O vídeo em questão se tornou uma referência para o potencial da internet. Lá tudo ainda é possível. Essas imagens chegaram a mim com o sugestivo título de "Acontece nas melhores famílias" ? e pelo jeito acontece mesmo. É impossível assisti-lo e não ter a mesma reação. Já testei várias vezes com vários amigos e é mesmo hilariante. O conteúdo do vídeo em si não é o que nos chama a atenção. Assim como algumas das melhores piadas, o que importa é o seu formato. Trata-se de mais uma dessas "notinhas esdrúxulas", tão comuns em nossos telejornais de hoje em dia, lidas da mesmíssima forma de sempre por uma boa profissional como Lilian. A nota fala de uma velhinha de 86 anos, numa cadeira de rodas, que foi presa na alfândega de Miami tentando contrabandear um grande carregamento de pílulas de ecstasy acompanhada do seu namorado, de 56 anos. Este, ao ser preso, para surpresa geral declarou que nada sabia sobre o carregamento da droga. Na verdade, ele pensava que a sua namorada estava carregando pílulas de…Viagra.

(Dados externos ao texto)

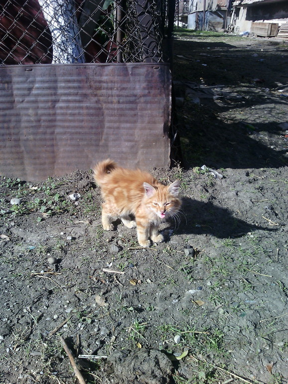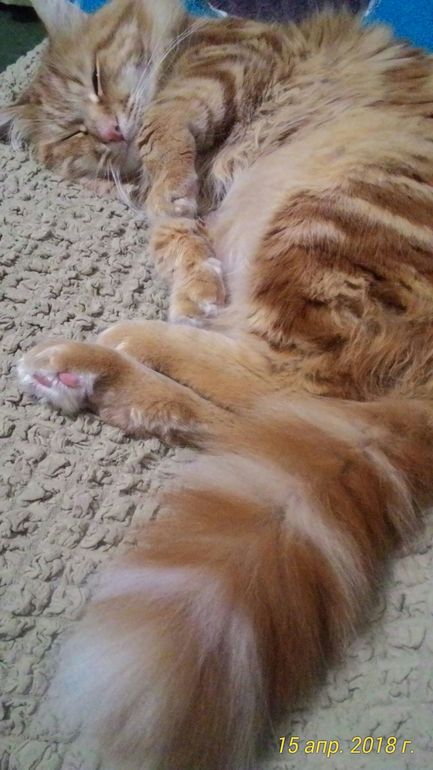 средней пушистости, только хвост очень пушистый и всегда поднят вверх.

Perceberam o absurdo? Engraçado? Provavelmente, não. A não ser para Lilian. Jornalista experiente e tarimbada, não resistiu ao completo nonsense de mais esse típico exemplo do jornalismo moderno de "gracinhas" e se tornou, em frente às câmeras da internet, mais uma vítima dos novos tempos. Não, ela não reclamou ou insultou o editor. Leu a notícia enquanto pôde. Mas só durante alguns segundos. Ao perceber o conteúdo da notinha que lia, desandou a rir de forma incontrolável, ao mesmo tempo em que tentava manter uma compostura profissional para explicar o fato inusitado. Não conseguiu. Saiu do ar no meio de um ataque espontâneo de riso incontrolável. Parecia alguém que tenta mas não consegue contar uma piada: no meio do história já está morrendo de rir da própria graça ou desgraça.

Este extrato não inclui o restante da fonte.